Congratulations to all those who had something to do with the task force and its report.

Because Mr. Marangoni spoke last, I'll just pounce on this right away. Is that product available commercially anywhere?

4:15 p.m.

Professor, Department of Food Science, University of Guelph

Dr. Alejandro Marangoni

Commercially? It will be in four months.

4:15 p.m.

Liberal

Bonnie Brown Liberal Oakville, ON

In about four months? You have a manufacturer then?

4:15 p.m.

Professor, Department of Food Science, University of Guelph

4:15 p.m.

Liberal

Bonnie Brown Liberal Oakville, ON

Does that manufacturer have the capability to produce it in sufficient quantity for the baking industry?

4:15 p.m.

Professor, Department of Food Science, University of Guelph

Dr. Alejandro Marangoni

If everybody likes it— which is a big “if”—if they like the cookies and the biscuits, then that's a very good question. That will be the limiting factor in terms of how much it can be ramped up. But if it's welcomed, I believe it will take probably a year and a half to get to the levels where it could be competitive with imports and other fats.

4:15 p.m.

Liberal

Bonnie Brown Liberal Oakville, ON

I think everybody on the committee would be willing to be among the first to test the cookies, if you'd like to pass them around.

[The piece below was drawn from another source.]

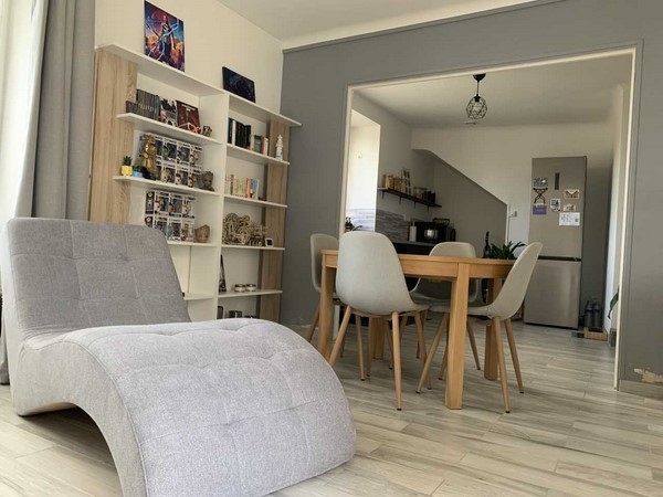 Au rez-de-chaussée, vous découvrirez une pièce de vie lumineuse et chaleureuse, avec cuisine aménagée et équipée, offrant un espace convivial et fonctionnel.
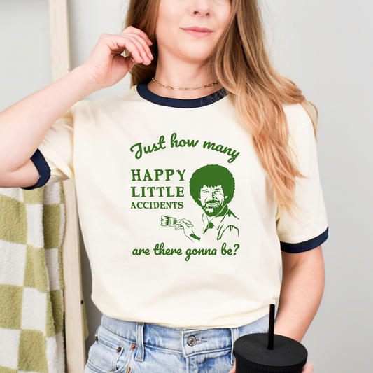 Bob Ross Happy Accident Inspired Next Level Ringer Unisex Cotton Tee in 3 Classic Colors

What about price? I guess you don't know, because it's not being manufactured in sufficient quantities yet. Do you think it will be comparable to, say, Crisco, Fluffo, and these various other shortenings?

4:15 p.m.

Professor, Department of Food Science, University of Guelph

Dr. Alejandro Marangoni

The product is 60% oil and 40% water, so the price is driven basically by the oil, the water, and the monoglyceride, which is a common structuring agent used in the manufacture of shortening. The overall value is actually competitive with palm fat, not that—

4:15 p.m.

Liberal

Bonnie Brown Liberal Oakville, ON

With what?

4:15 p.m.

Professor, Department of Food Science, University of Guelph

Dr. Alejandro Marangoni

With palm oils. Those are the shortenings produced by Crisco and the others.

In terms of price, it is comparable. Again, though, the question still remains about whether everybody likes it for every single application.